Berta Fernández-Alfaro

Berta Fernández-Alfaro is the Chief of Mission of the International Organization for Migration (IOM) Coordination Office for Switzerland and Liechtenstein. The IOM in Bern, which is celebrating its 30th anniversary this year, may be a small international organization, but its issues are of global importance.

Article published in the info letter March 2024.

Berta Fernández-Alfaro ...

... was born not far from Bern, in Freiburg im Breisgau (Germany). However, as she grew up in Valencia and has Spanish citizenship, she considers herself to be more Mediterranean.

... arrived in Bern in 2021 and took up her position as Chief of Mission at the IOM, Coordination Office for Switzerland and Liechtenstein.

... enjoys practising yoga, dancing, photography, visiting museums, going to concerts, reading and listening to podcasts.

What are you responsible for?

Apart from managing the Bern office and 25 staff, I am responsible for liaising with our most important Swiss contacts at federal (SEM, FDFA, SDC), cantonal (Cantonal Migration Authorities), and city level. This includes the targeted mobilization of resources for activities in Switzerland and Liechtenstein, but also for humanitarian emergencies or migration governance projects abroad in coordination with the IOM headquarters in Geneva and the field offices.

To achieve common goals, I work with the Swiss private sector, embassies and the diaspora in Switzerland. Finally, I raise awareness and lobby on the topic of migration at public events, in the media and in parliament.

Which projects are you most excited about right now?

This year we are celebrating our 30 anniversary with a photo exhibition from Reuters photojournalist Darrin Zammit Lupi at the Kornhausforum in Bern (February 16 to March 17), which will then be on display at the SEM and the Swiss Customs Museum (April to October 2024, in Gandria, near Lugano).

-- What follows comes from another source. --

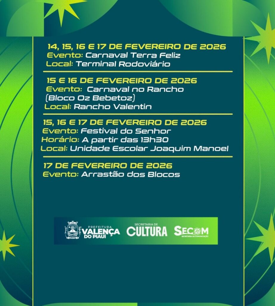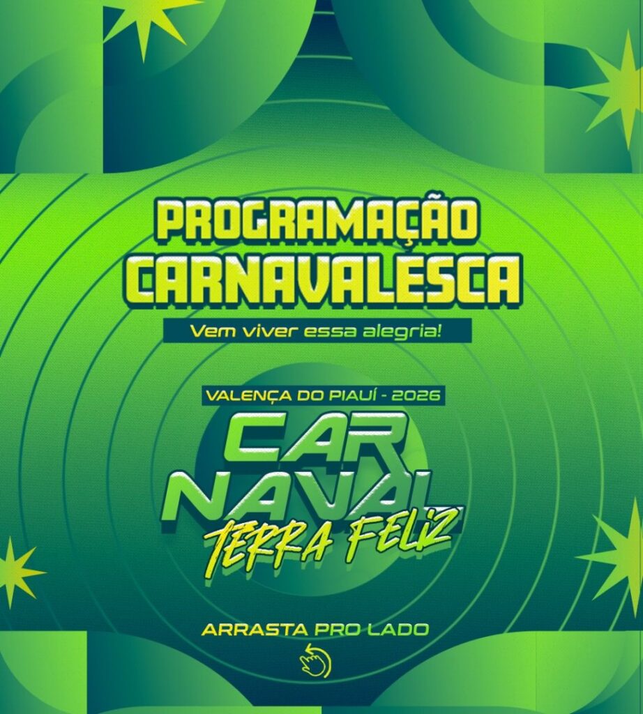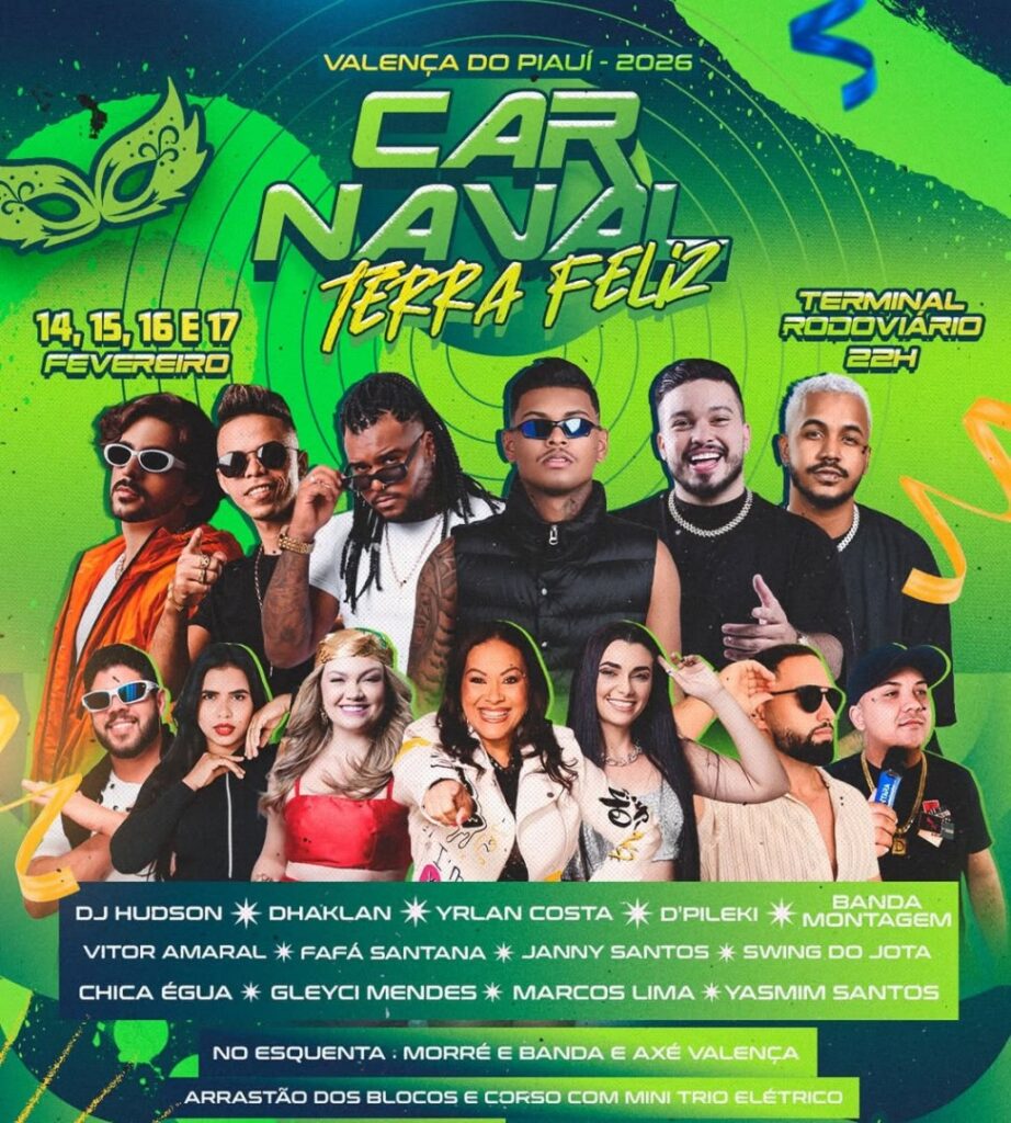 Valença do Piauí já vive a expectativa para o Carnaval Terra Feliz 2026. A Prefeitura Municipal, por meio da Secretaria de Cultura, confirmou a programação oficial e as atrações musicais que irão animar os foliões entre os dias 14 e 17 de fevereiro, no Terminal Rodoviário, sempre a partir das 22h.

In addition, we have received financial support from the SEM for the family reunification program, through which we will support an estimated 200 people (i.e. 120 migrants in the context of family reunification, 20 migrants with humanitarian visas and 60 migrants in need of information and referral).

Furthermore, we are working with the UN Global Compact for a Dialogue on Migration with the private sector in June 2024 (the agenda will be published here). And finally, the Director General of the IOM will make an official high-level visit in the second half of 2024 to meet with the Federal Council, SEM, FDFA and SDC.

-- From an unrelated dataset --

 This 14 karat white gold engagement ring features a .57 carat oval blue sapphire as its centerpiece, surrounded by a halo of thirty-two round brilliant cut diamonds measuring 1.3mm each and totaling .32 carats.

When you arrived in Bern, what were you most surprised by?

I was born in 1971. So when I arrived in Bern in 2021, I was surprised to discover that my year of birth coincided with the 50th anniversary of Swiss women gaining the right to vote.

What do you appreciate about Bern?

The fact that it is a UNESCO capital, with significant museums and culture, many yoga studios, and the Aare river as a great mindfulness reminder («be present, go with the flow»).

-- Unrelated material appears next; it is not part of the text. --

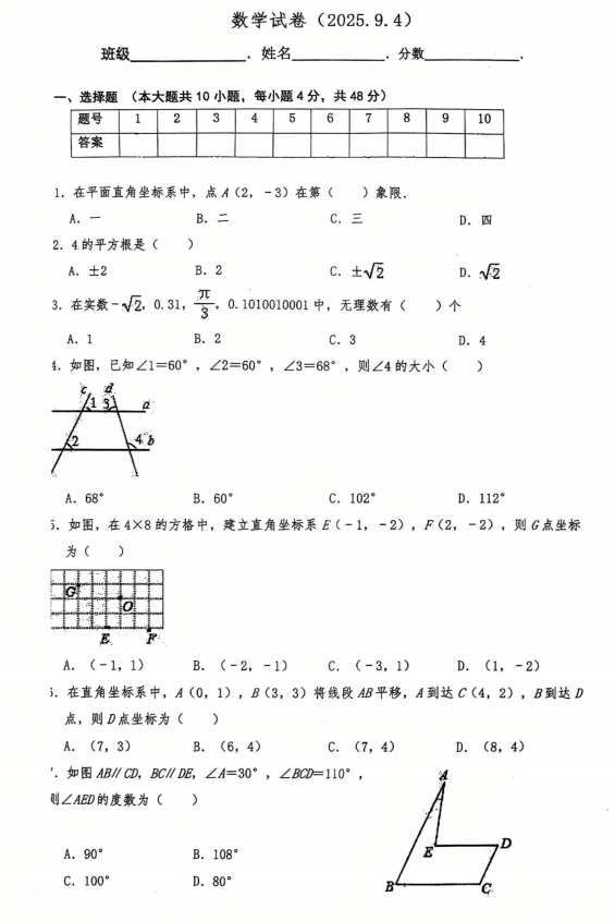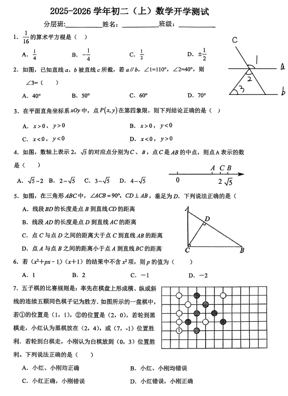 北京市第四中学2025-2026学年上学期八年级数学开学考试卷
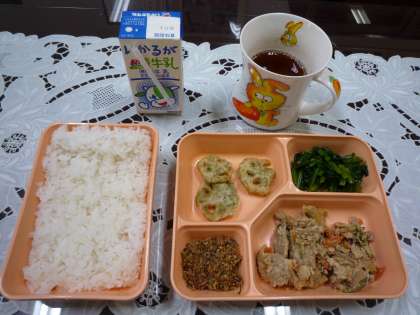 本日のメニューは、豚肉のみそ炒め、れんこんの磯辺揚げ、ほうれん草のおひたし、そして手作りふりかけ(おかか菜っ葉)でした。れんこん、ほうれん草はやや薄味ですが、健康にはいい感じです(^-^)v。

Where do you most like to relax from work in Bern?

I go to the gym several days a week and I like to visit several cafés and restaurants in the old town and near my workplace, like Adrianos, Froh-Sinn, Jul, Luciano's, Casino, Steinhalle or Kirchenfeld.

What is the difference with your culture and the culture in Bern?

I would say the high quality of life. The pace is also slower than in other larger cities I have lived in, which allows for human contact and interesting conversations over an apero.

What do you already know you will miss when you leave Bern (or Switzerland)?

Probably the feeling of being safe, breathing incredible mountain air, and drinking fresh mountain water from the tap.

What is still on your «to-do list»?

Visiting the Jungfrau mountain and the historical St. Gallen library, going once more to Zermatt and sleighing down the mountain.

Any advice to newcomers in Bern?

Get a halbtax (half fare travelcard) to travel in Switzerland, buy an inflatable boat for the Aare, and get an apartment with a view (mountains or old town) – it is worth it! I would also recommend to join the female diplomats meetings organized by different embassies, since it is a great opportunity to network.

What was one of the most important encounters during your stay in Switzerland?

Shortly after my arrival in Bern, I had lunch in the same restaurant where Federal Councillors Cassis and Keller-Suter were eating with their teams, so I approached them and introduced myself.

Who would you like to hear from next?

Aamir Shouket, Ambassador of Pakistan.